Nicolas Gary - 19.01.2015

Edition - Société - François Hollande - inauguration Philharmonie - monde édition


Le 15 janvier dernier, le président de la République a adressé, nous apprend son agenda, ses vœux au monde de la Culture. A l'occasion de l'inauguration de la Philharmonie de Paris, presque parvenue au terme de ses 5 années de chantier, François Hollande a reçu une standing ovation, démultipliée par l'acoustique de rêve. Sauf qu'un petit couac, inattendu, a surgi...

 

 

 

 

L'accueil a été chaleureux, assure le service de presse de l'Élysée, et le président flamboyant, rappelant que la culture effraie les terroristes, « parce qu'elle est insolente, parce qu'elle est irrespectueuse, parce qu'elle est libre, parce qu'elle est humaine ». Au fil du discours, le chef de l'exécutif insiste que cette culture incarne « tout le contraire de l'obscurantisme, du fondamentalisme, du fanatisme. La culture a toujours été redoutée par les dictatures. Ce sont elles qui brûlent les livres, censurent les films, détruisent le patrimoine. On pourrait remonter au XXe siècle. La barbarie nazie suffirait à le démontrer ».

 

Tiens, le livre. Jolie référence, qui servira d'ailleurs à conclure le fameux discours présidentiel, avec une citation de Cervantes : « Là où il y a de la musique, il n'y a pas de place pour le mal », déclare François Hollande, se demandant si « la musique de l'Orchestre de Paris chassera le mal à elle seule ». Personne n'a encore de réponse à la question, mais une autre est venue poindre. 

 

C'est que, dans cette salve d'applaudissements, nombre de personnalités du monde de la Musique se retrouvaient bien assises – fort logiquement. Ainsi, l'Opéra était également à son aise, de même que la Danse. Et puis, d'autres venues du théâtre, des directeurs et des propriétaires de salles parisiennes, bien entendu. Certes, l'absence de Jean Nouvel, l'architecte star, lauréat du prix Pritzker 2008 (équivalent du Nobel d'architecture), était remarquée, ce dernier avait fait ce qu'il fallait pour porter haut ses doléances. Pas plus que Pierre Boulez, un peu fatigué à 90 ans.

 

L'Élysée, sollicité par ActuaLitté, se dédouane : « Nous n'avions pour charge que l'accréditation des journalistes, au cours de cette soirée. Pour les invitations de personnalités, il faut vous tourner vers le ministère de la Culture. » Sitôt dit, sitôt fait : mais on n'a pas vraiment de réponse à nous apporter.

 

Retour vers l'Élysée, qui nous assure cette fois que c'est la Philharmonie qui a géré les invitations.
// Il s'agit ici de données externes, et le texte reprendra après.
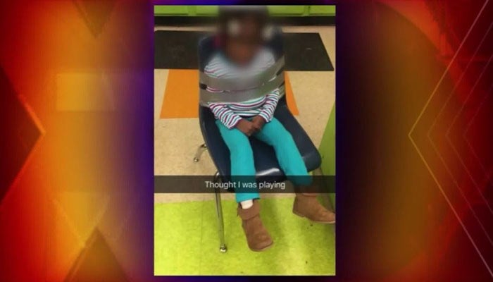 A disturbing photo of a 4-year old girl in Missouri appears to show her duct taped to a chair at her daycare center, setting off a call from her parents for a thorough investigation.
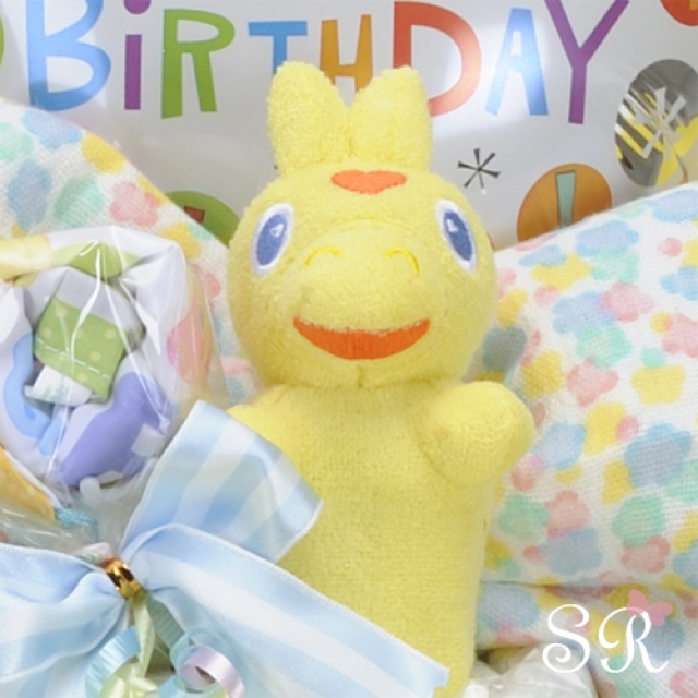 カラフルな色合いがかわいいロディの3段オムツケーキ(ブルー色)です。ロディのラトルがコロン♪コロン♪と鳴ります。また、赤ちゃんが好きな「ガシャガシャ音」が出るおもちゃもついて楽しめます。

Avec une petite précision : ce n'étaient pas les vœux à la Culture, « mais avant tout l'inauguration de la salle ». Et accessoirement, il ne devrait pas y avoir de vœux, cette année, adressés au monde de la culture : « L'inauguration a fait office, mais l'exercice n'aura probablement pas lieu cette année. » 

 

La Philharmonie, qu'on avait l'impression de vraiment déranger, nous envoie gentiment sur les roses : les personnalités du monde de l'édition, pour l'occasion de ce concert, ce n'était manifestement pas une priorité. Et si l'on a besoin de l'information, on nous invite à rappeler. Avec 45.000 personnes reçues, cinq jours après l'ouverture, la salle est comble, on a d'autres chats à fouetter.

 

Un tour d'horizon des acteurs majeurs de l'édition nous a cependant confirmé que personne n'avait reçu d'invitation pour le concert du soir même – et donc, pas de vœux, même si François Hollande n'en a pas vraiment présenté officiellement. Enfin... c'est compliqué... D'ailleurs, le monde du cinéma n'était pas particulièrement présent non plus.

 

Le matin de cette inauguration, le président était allé présenter ses vœux aux Armées à Toulon : faut-il s'attendre à un casus belli ?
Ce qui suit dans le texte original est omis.